--- Stored data ---

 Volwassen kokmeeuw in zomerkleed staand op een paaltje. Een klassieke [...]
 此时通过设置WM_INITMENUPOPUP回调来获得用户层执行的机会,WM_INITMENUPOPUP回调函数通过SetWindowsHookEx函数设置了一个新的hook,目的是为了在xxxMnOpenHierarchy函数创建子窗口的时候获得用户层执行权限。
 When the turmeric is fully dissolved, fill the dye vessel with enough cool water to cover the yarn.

---
--- Stored data ---

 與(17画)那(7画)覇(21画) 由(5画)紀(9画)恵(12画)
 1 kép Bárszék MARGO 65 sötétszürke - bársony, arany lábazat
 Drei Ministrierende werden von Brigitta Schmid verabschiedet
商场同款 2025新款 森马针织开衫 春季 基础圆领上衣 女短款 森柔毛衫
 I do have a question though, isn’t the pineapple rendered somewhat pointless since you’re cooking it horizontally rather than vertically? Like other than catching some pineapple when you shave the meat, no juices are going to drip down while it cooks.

---
--- Stored data ---

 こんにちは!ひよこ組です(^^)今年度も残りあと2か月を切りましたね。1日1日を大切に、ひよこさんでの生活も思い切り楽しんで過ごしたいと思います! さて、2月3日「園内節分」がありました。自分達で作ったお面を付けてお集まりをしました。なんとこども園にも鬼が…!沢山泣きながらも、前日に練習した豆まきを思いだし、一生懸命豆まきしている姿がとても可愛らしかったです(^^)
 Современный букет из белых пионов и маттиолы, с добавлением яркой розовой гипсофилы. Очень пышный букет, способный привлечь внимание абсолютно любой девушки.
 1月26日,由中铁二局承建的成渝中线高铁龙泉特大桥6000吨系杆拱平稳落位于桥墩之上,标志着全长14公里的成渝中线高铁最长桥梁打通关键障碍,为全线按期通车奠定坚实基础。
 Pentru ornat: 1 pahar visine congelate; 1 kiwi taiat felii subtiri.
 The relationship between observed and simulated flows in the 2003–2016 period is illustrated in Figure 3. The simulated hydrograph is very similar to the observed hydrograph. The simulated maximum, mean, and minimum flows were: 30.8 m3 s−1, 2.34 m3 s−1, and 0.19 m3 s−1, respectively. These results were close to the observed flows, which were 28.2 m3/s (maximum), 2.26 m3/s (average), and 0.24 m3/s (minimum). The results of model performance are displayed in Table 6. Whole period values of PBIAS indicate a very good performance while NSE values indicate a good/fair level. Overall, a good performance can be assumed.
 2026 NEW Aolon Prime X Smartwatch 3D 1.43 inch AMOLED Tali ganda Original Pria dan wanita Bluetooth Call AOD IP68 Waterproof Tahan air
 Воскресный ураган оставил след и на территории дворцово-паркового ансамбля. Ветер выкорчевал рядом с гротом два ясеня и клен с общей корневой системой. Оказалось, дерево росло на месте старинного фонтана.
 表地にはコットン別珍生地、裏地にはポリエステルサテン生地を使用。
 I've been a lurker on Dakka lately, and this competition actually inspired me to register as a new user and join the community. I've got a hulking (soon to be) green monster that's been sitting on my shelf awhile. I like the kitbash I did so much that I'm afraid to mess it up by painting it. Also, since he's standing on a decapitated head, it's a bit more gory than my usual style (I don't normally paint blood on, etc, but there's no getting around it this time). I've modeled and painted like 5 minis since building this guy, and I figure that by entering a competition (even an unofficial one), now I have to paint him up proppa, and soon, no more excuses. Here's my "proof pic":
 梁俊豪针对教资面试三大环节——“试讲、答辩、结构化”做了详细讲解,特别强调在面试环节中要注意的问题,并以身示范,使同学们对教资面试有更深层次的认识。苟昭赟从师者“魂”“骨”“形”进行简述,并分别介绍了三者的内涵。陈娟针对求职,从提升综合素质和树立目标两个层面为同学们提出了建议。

---

Count the lines of these entries that hold the string "than", and give only that number.

## Written response
2